Preliminarily, the federal court addressed whether the “relation back” doctrine applied to its analysis. Plaintiffs argued that it should not apply, so that the effective date of the filing of the class action was June 15, 1999, “notwithstanding the nature or timing of subsequent amendments.” Lloyd, at 423. Defense attorneys countered that it did apply, id. The district court agreed with the defense, explaining at page 423 that “application of relation back principles in this context is entirely consistent with the removal statute, which expressly contemplates that amended pleadings may render a case removable.” Plaintiffs next argued that the district court’s relation back analysis must be conducted based on federal law; however, defense attorneys argued that Maryland law applies. Id. Again, the federal court agreed with defense attorneys, finding “the weight of authority is on the Defendants’ side” and noting that at oral argument plaintiffs’ lawyer conceded that “the cases thus far have assumed that state relation back principles control.” Id., at 423-24 (citations and footnote omitted). Put simply, “When a pleading is amended prior to removal, the relation back inquiry is governed by state law.” Id., at 424 (citations omitted).

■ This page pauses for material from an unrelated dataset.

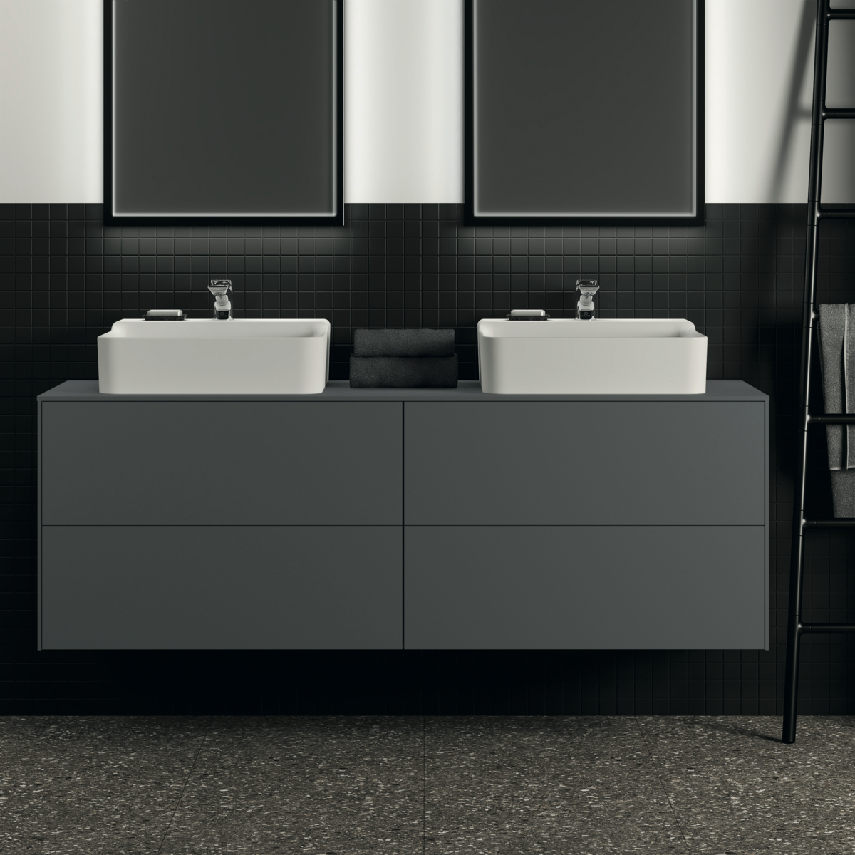 Модуль под раковину Conca 158,7х50,5х55 см, 4 ящика, вырез в столешнице под заказ, антрацит матовый, система push-to-open, Ideal Standard

The final step of the federal court’s analysis was simple because “[t]he outcome of this case under Maryland law is clear.” Lloyd, at 424. Under Maryland law, “amendments adding new party-plaintiffs do not relate back to a plaintiff’s original complaint.” Id. (citation omitted). Here, the fourth amended class action complaint added five new named plaintiffs, three of whom were never part of the putative class: “Under Maryland law, this is the end of the analysis” and the fourth amended class action complaint “must…be treated as new litigation for purposes of the CAFA.” Id. (footnote omitted). Accordingly, the district court held that “Plaintiffs’ Fourth Amended Complaint ‘commenced’ a new action under applicable Maryland law, rendering the instant proceedings removable in accordance with the CAFA.” Id., at 425. It therefore denied the motion to remand the class action to state court. Id.